Who Is Liable For Your Truck Accident - The Driver Or The Company That Employs Them?

Automobile accidents can be complex enough when it comes to deciphering who is liable and who pays for damages and injuries.

But truck accidents can become even more complicated when it comes to those issues.

Often, there are many people who might be responsible for paying for any damages or injuries;  knowing who to sue is not always as clear as you might wish. If you have been injured in a truck accident, it is imperative that you have the help of a professional attorney who understands how the trucking industry works and who is responsible for paying for all that you have lost, in order to help you get what you are entitled to.

When a company is the responsible party

If a truck driver gets into an accident, there are times when the driver themselves is liable and others when it is the company who employs them that is held responsible. “Respondeat superior” is a legal theory that means that the trucking company who employs the driver is responsible for paying for their employee’s negligence.
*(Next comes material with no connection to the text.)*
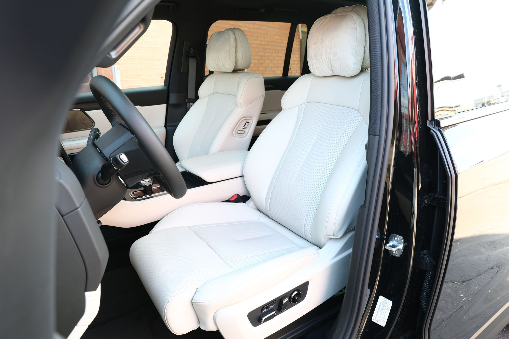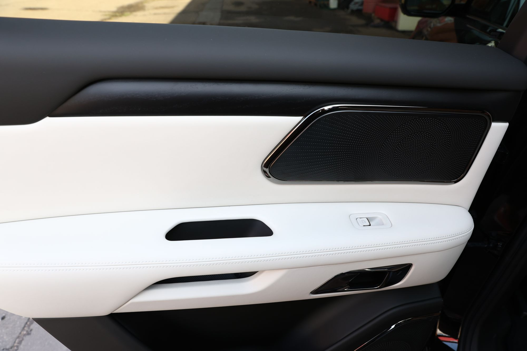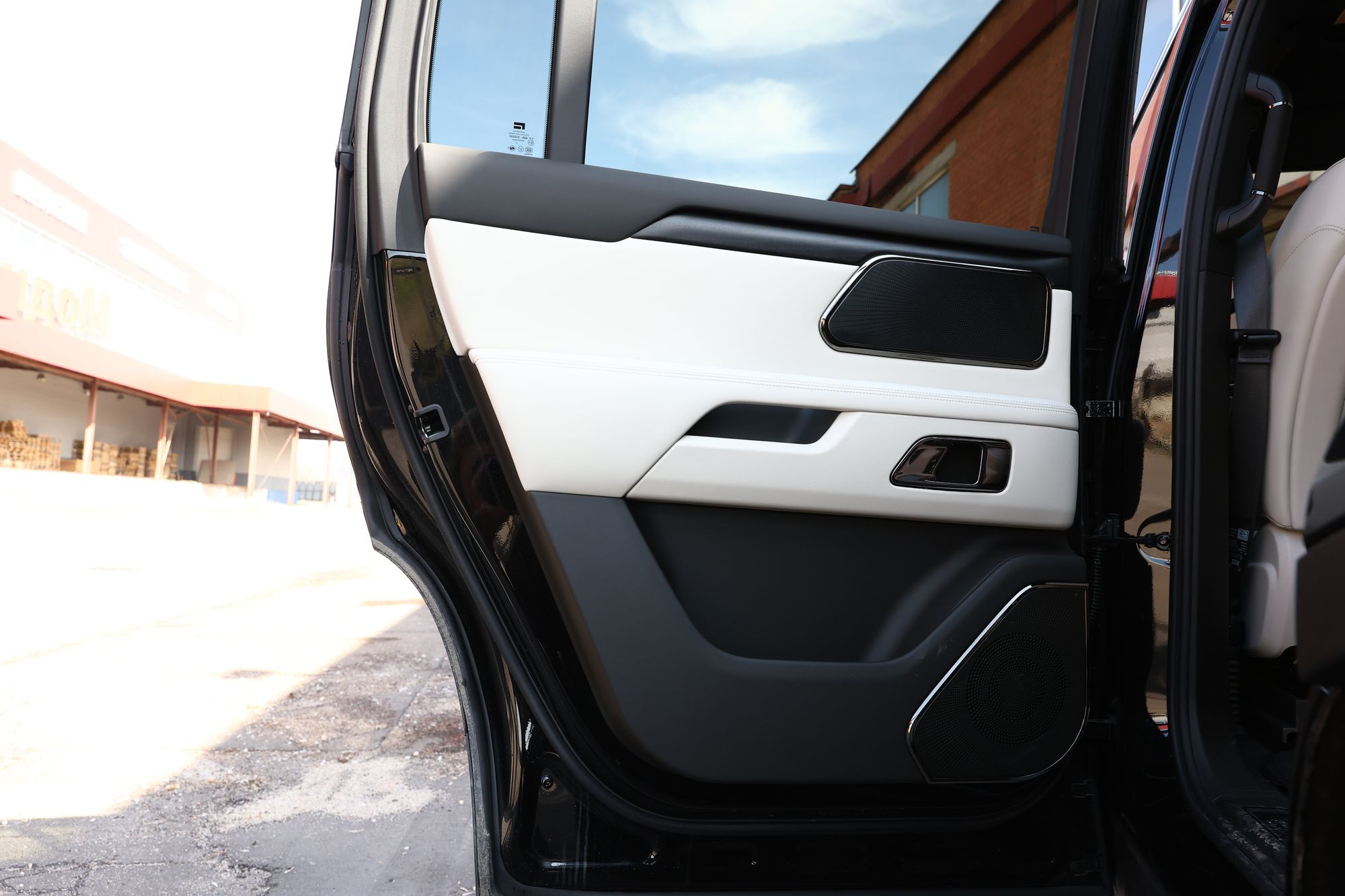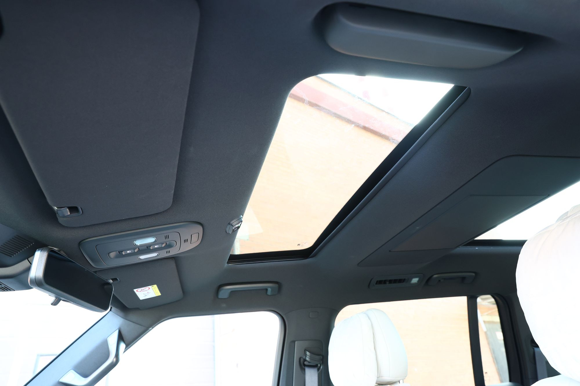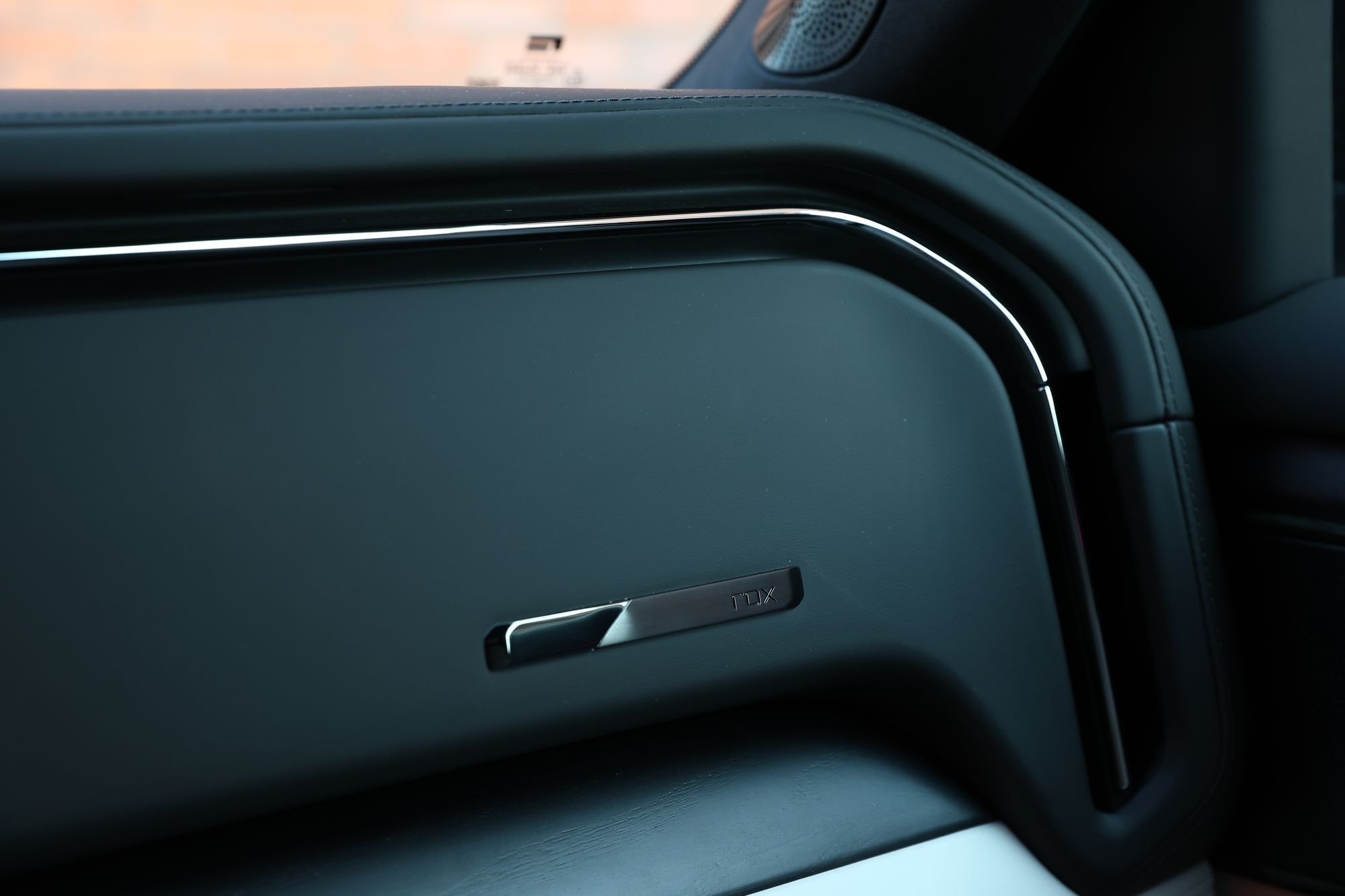К водительскому креслу не придраться – здесь есть регулировки и угла наклона подушки, и её длины. У переднего пассажира, как водится, настроек минимум, не говоря уже про отсутствие оттоманки. Посадка подчёркнуто вертикальная, прямо как на Range Rover. Панель приборов – 12,3-дюймовый экран, у которого, по сути, никаких настроек нет. Посередине тут, конечно же, нарисованы машинка и анимированная дорога, а сверху – небольшие цифры спидометра.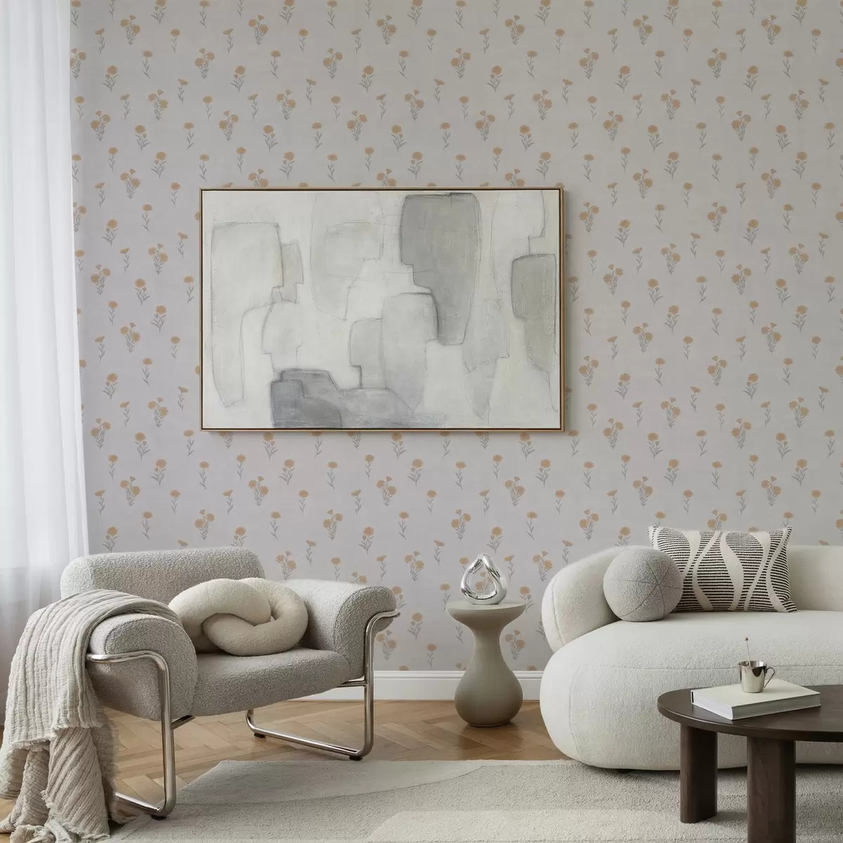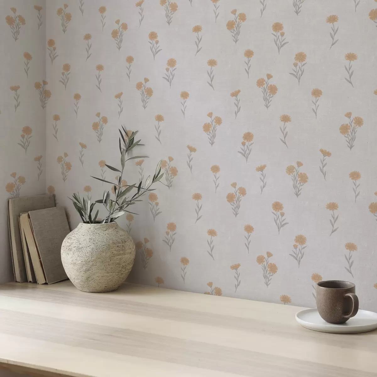 Tapeta Мали наранџасти цветови на светло сивој позадини бр. a00486

The company employing the truck driver can be liable for paying for the employee’s negligent acts because they authorized that employee to drive their truck. The company would be liable for paying as long as the acts weren’t criminal or intentional.

For instance, if the truck driver was in an accident because they didn’t brake quickly enough, the company would likely be liable. However, if the driver was driving while intoxicated, then the company would probably not be responsible - the liability and responsibility would befall the driver.

The good news is that when the company is to blame, they often have more resources to cover your damages and injuries than when the responsibility rests solely with the driver.

Determining if the driver was an independent contractor or an employee

One of the biggest determining factors regarding who is at fault will be whether the driver was an independent contractor, or if they were an employee who drove directly for the company. If the driver is an independent contractor, then often the company will not be liable for their actions. If they are an employee, then the company gave them permission to drive the car, and that means the company would be responsible due to respondeat superior, or vicarious liability laws.

When does vicarious liability apply?

For the company to be held liable, the truck driver must have been working under the company’s authority and performing work-related duties when they were in the accident. For instance, if a truck driver is making deliveries for a company and gets into an accident, then the employer would be liable due to vicarious liability.

However, if the truck driver had finished their shift, and while they were heading home they stopped to run some errands and were in an accident, then they would not be considered to be working under the scope of their employment duties; that means vicarious liability would not apply and the driver would be solely to blame.

What if the acts were criminal or intentional?

Even if the truck driver was working under the scope and authority of their employer, if the reason the accident happened was because they intentionally caused it or were engaging in a criminal act, then the truck driver themselves would be responsible for paying for any resulting damages and injuries.

Why it is important to know who is liable

When you are in a truck accident, they are often more serious and come at a greater cost to those who are injured. If a trucking company is responsible, they typically have the means to pay for the damages and injuries that result. If the driver is at fault, there are times when even if you sue them for personal injury, that does not mean that they will have the means to pay for your damages and injuries - which can leave the expense on you. To determine who is at fault, it is essential that you hire truck accident attorneys who deals with the complex nature of trucking accidents and who can help you collect what you are entitled to.